Data provided:

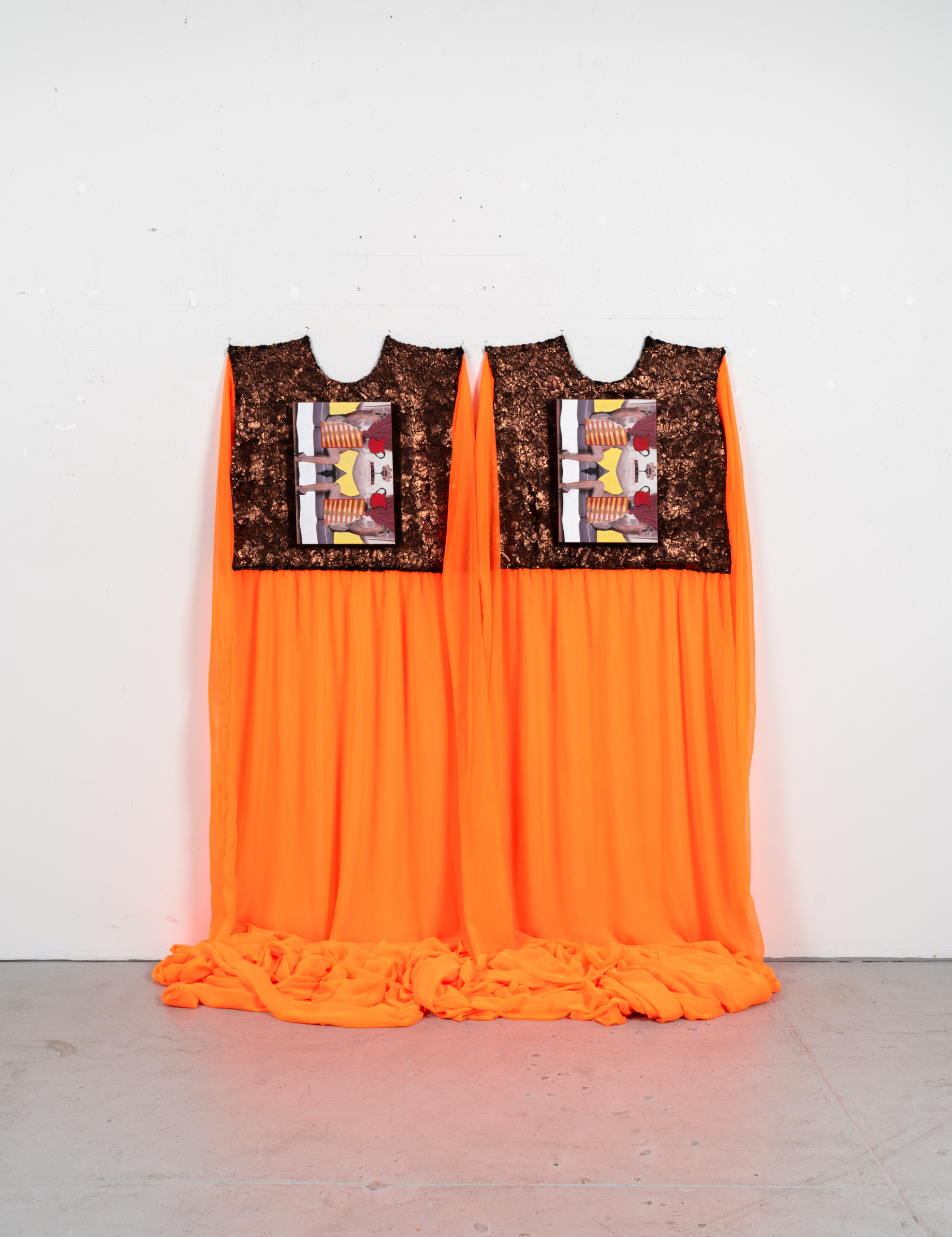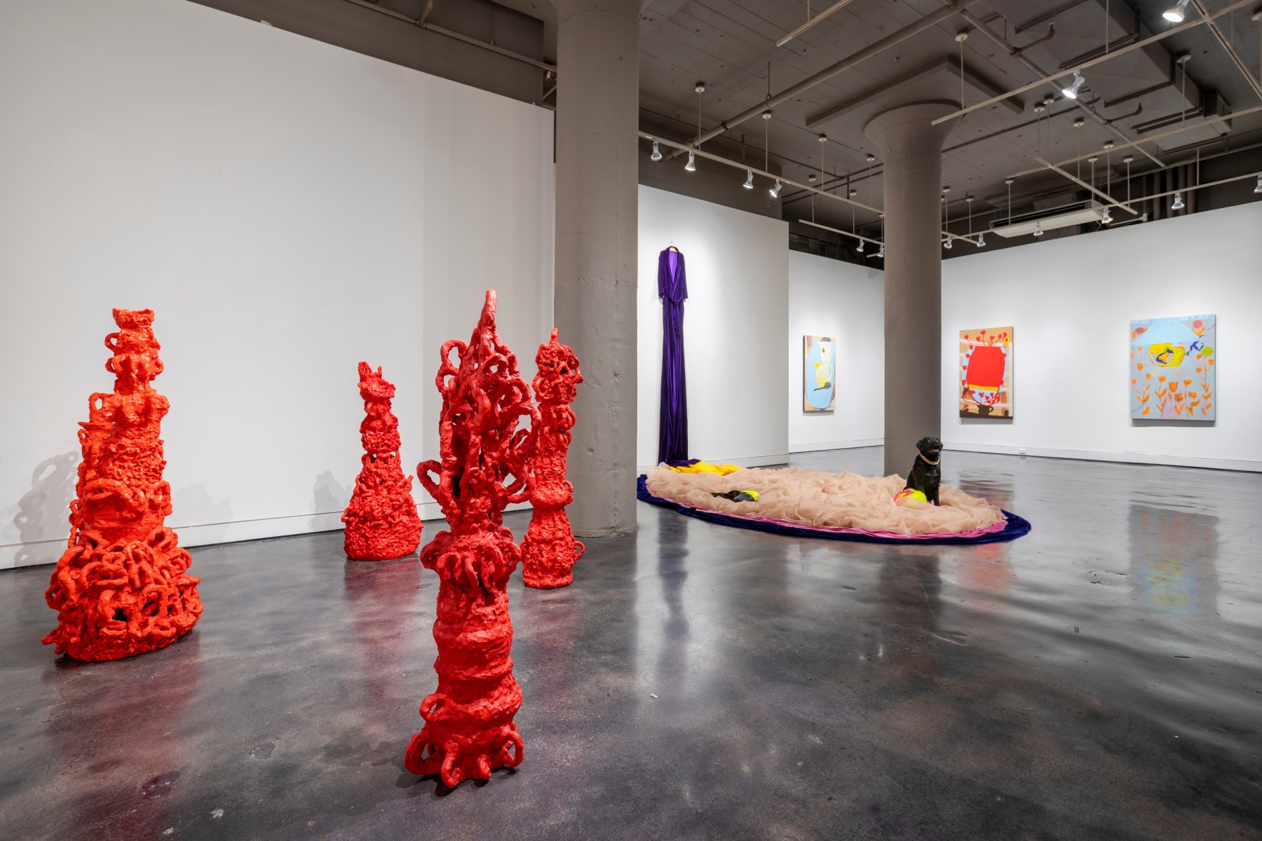 Marigold, 2022. Velvet, organza, faux fur, silk, Alexander McQueen dress, stuffed and taped AMQ clutch purse and strap, taped AMQ shoes, painted plastic resin dog with AMQ clutch purse chain. 118 x 118 x 171 inches.
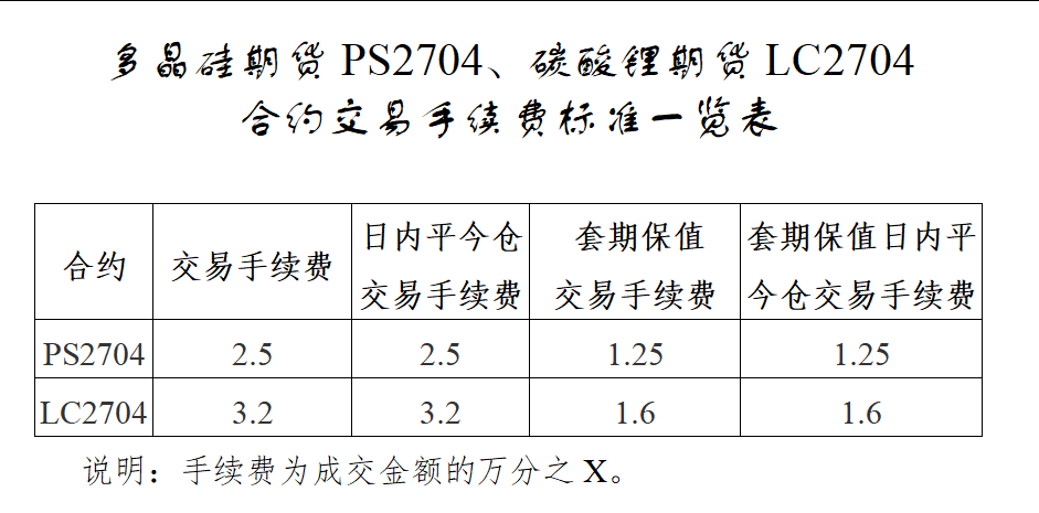 4月14日,广州期货交易所公告,经研究决定,现将多晶硅期货PS2704、碳酸锂期货LC2704合约有关事项公告如下:
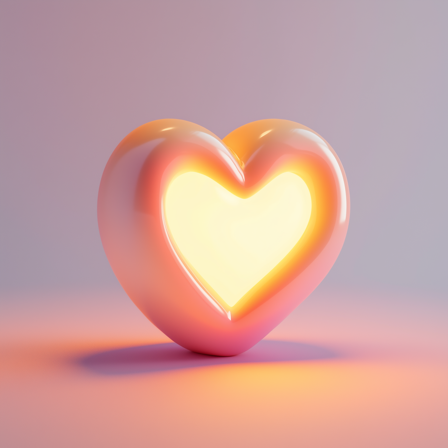 A glowing heart-shaped object with a warm yellow center and pink exterior, set against a soft gradient background.
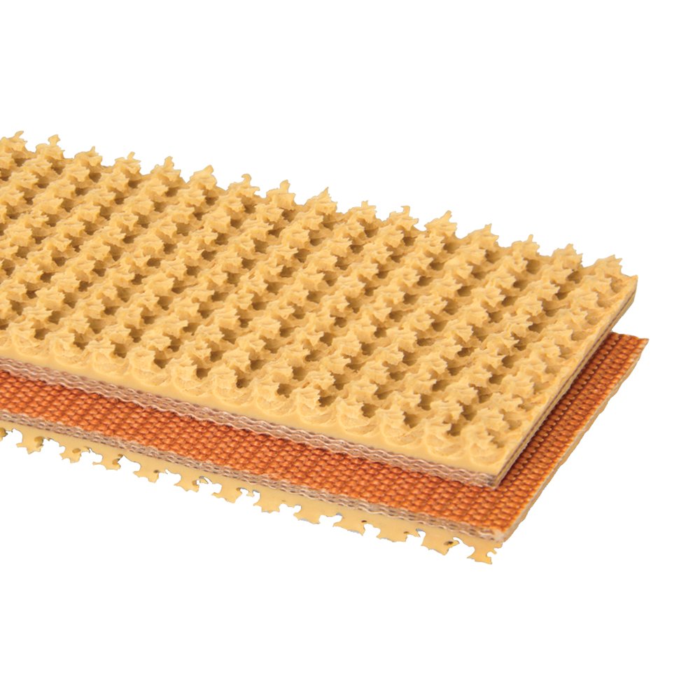 An incline belt with a premium high-grip PVC-grooved cover for use on low-profile applications. Used in dirty, dusty conditions, occasional cleaning will restore the high-grip action.
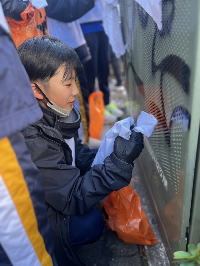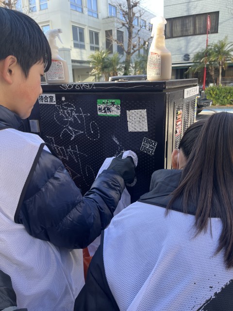 以前から clean&art さんとは落書きを消す活動を生徒と一緒にやろうということをお話していて、それが昨日実現しました。
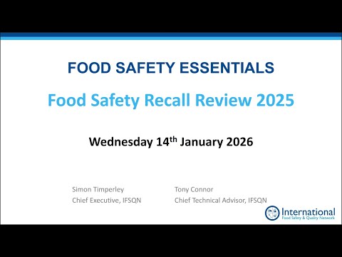 Food Safety Review 2025This month’s presentation is “Food Safety Review of 2025.” In this session we discussed the major food safety recalls and incidents from the past year, analyse recall data to highlight key trends and risk areas, and discuss the measures food businesse...
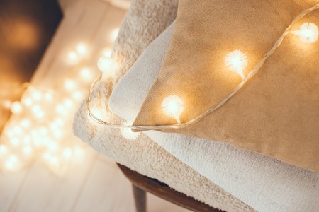 A stack of white and beige pillows and blankets with string lights on vintage wooden chair. Cozy interior details, soft and warm home decor.
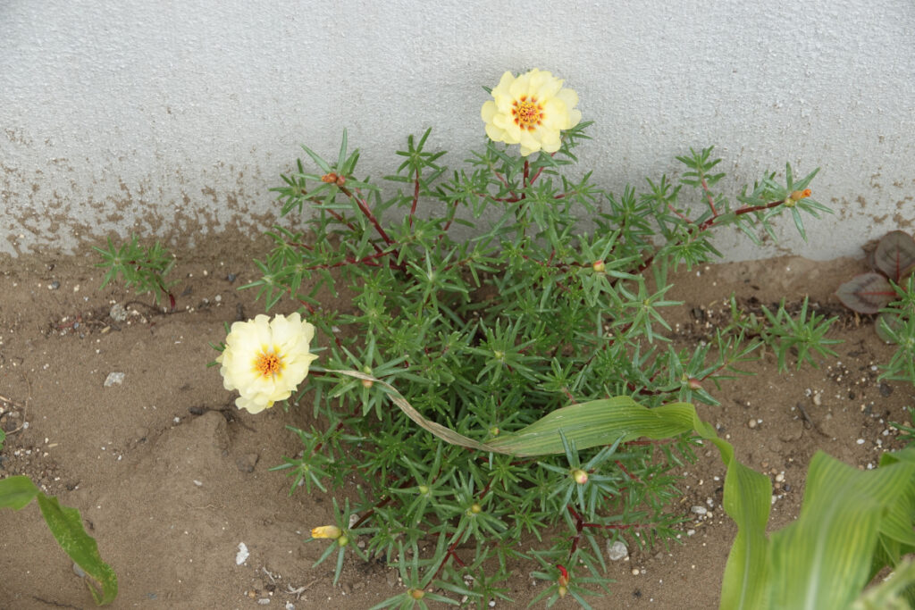 2025年6月24日、マツバボタンの薄い黄色の花が2輪咲いた。スベリヒユにも小さい黄色い花が咲いている。
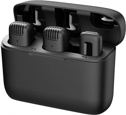 - Opladningsetui ×1, sender med mikrofon ×2, USB‑C‑modtager ×1, brugervejledning ×1, USB‑C opladningskabel ×2
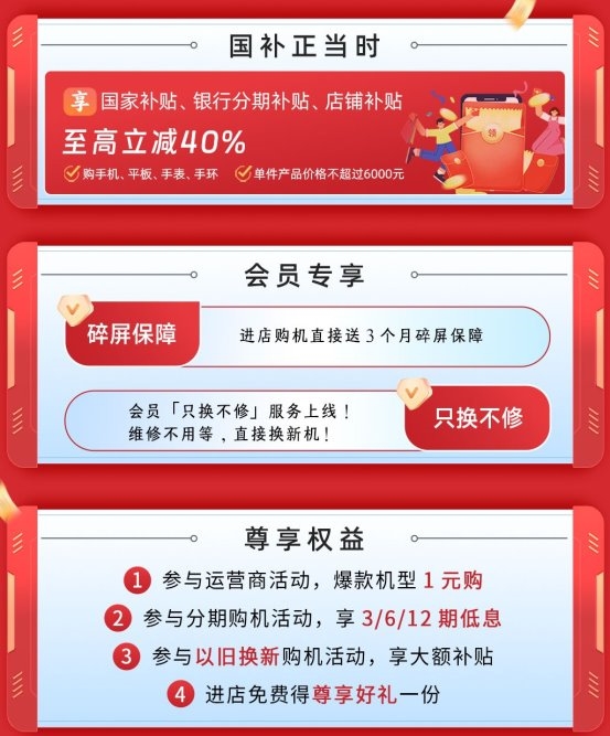 三补叠加享钜惠,多重权益购机无忧。本次年终促销,迪信通带来超强优惠组合拳。在参与国家补贴的地区,消费者购买单价不超6000元的手机、平板、智能手表/手环,可享国家补贴福利,在此基础上叠加银行分期补贴与迪信通店铺补贴,购机至高可立减40%,优惠力度直接拉满。同时,多重专属权益为购机保驾护航。进店购机即赠3个月碎屏保障服务(仅限部分安卓机型),会员还能享受「只换不修」售后服务,维修无需等待直接换新机。所有进店顾客都能免费领取尊享好礼1份。此外,还有参与运营商活动,爆款机型1元购;分期购机支持3/6/12期低息;以旧换新购机享大额补贴等,多重福利让购机更划算。
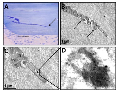 Transmission electron microscopy (TEM) was utilized to examine the bones of mice with implant-associated S. aureus chronic osteomyelitis. While examining thin (70 nm) bone sections at high magnification, it was observed that some bacteria were able to change shape and squeeze into submicron spaces called canaliculi. The study documented how round bacteria become rod-shaped to accommodate the canaliculi submicron diameter space. These bacteria propagate deep into bone, infecting osteocytes. Because bone is an immune-privileged tissue, bacteria are protected from treatment with traditional antibiotics delivered through blood vessels.
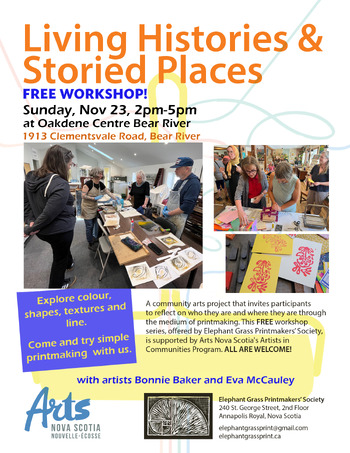 Through our Living Histories & Storied Places project, EGPS is finding ways for members of diverse communities to come together, share experiences, and shape them into art by offering free workshops and building new connections. Living Histories & Storied Places is supported by Arts Nova Scotia's Artists in Communities program.
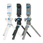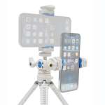 そして三脚の自由雲台は、三脚穴が90度の角度で2カ所に付いていて、簡単にスマホの縦位置・横位置の変更ができるようになっています。これなら撮影だけでなく、ビデオ通話やオンライン会議、動画撮影時のスマホスタンド代わりとしても使用できますね。
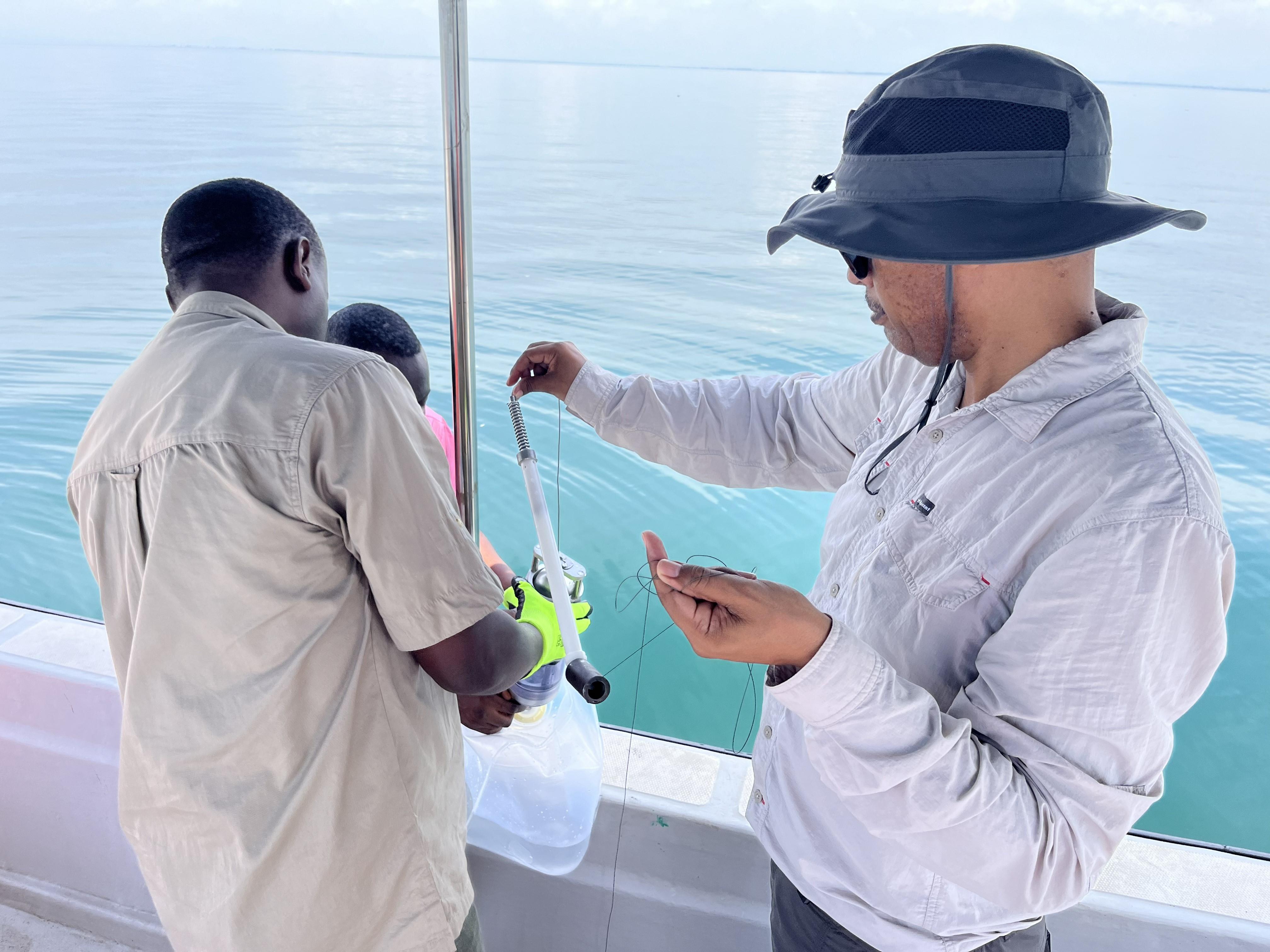 IAEA experts and scientists from the University of Burundi collect water samples from Lake Tanganyika as part of efforts to understand changes in the lake’s conditions. (Photo: IAEA)
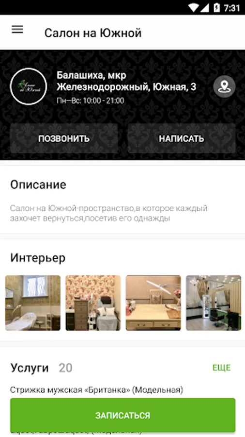 "Salon na Yuzhnaya" will greet you with a cozy atmosphere, courteous treatment, a wide range of services and high professionalism of craftsmen working on high quality materials, but most importantly, with great desire.
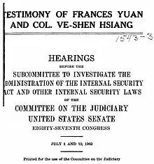 - CONGRESSIONAL HEARING HRG-1952-SJS-0024, Subcommittee To Investigate the Administration of the Internal Security Act and Other Internal Security Laws; Committee on the Judiciary, "Testimony of Frances Yuan and Col. Ve-Shen Hsiang", Hearing Dates: 1, 10 Jul. 1952; Senate Sudoc Number: Y4.J89/2:Y9/3; Length: 61 pp.; Legacy CIS Number: 87 S1543-3.
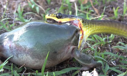 Cách mà ếch tự vệ khi bị rắn tấn công

What you have to do: Beginning at the line containing "そして三脚の自由雲台は、三脚", restate every line through the end of the material above exactly; omit the pictures.

Task solution:
 そして三脚の自由雲台は、三脚穴が90度の角度で2カ所に付いていて、簡単にスマホの縦位置・横位置の変更ができるようになっています。これなら撮影だけでなく、ビデオ通話やオンライン会議、動画撮影時のスマホスタンド代わりとしても使用できますね。
 IAEA experts and scientists from the University of Burundi collect water samples from Lake Tanganyika as part of efforts to understand changes in the lake’s conditions. (Photo: IAEA)
 "Salon na Yuzhnaya" will greet you with a cozy atmosphere, courteous treatment, a wide range of services and high professionalism of craftsmen working on high quality materials, but most importantly, with great desire.
 - CONGRESSIONAL HEARING HRG-1952-SJS-0024, Subcommittee To Investigate the Administration of the Internal Security Act and Other Internal Security Laws; Committee on the Judiciary, "Testimony of Frances Yuan and Col. Ve-Shen Hsiang", Hearing Dates: 1, 10 Jul. 1952; Senate Sudoc Number: Y4.J89/2:Y9/3; Length: 61 pp.; Legacy CIS Number: 87 S1543-3.
 Cách mà ếch tự vệ khi bị rắn tấn công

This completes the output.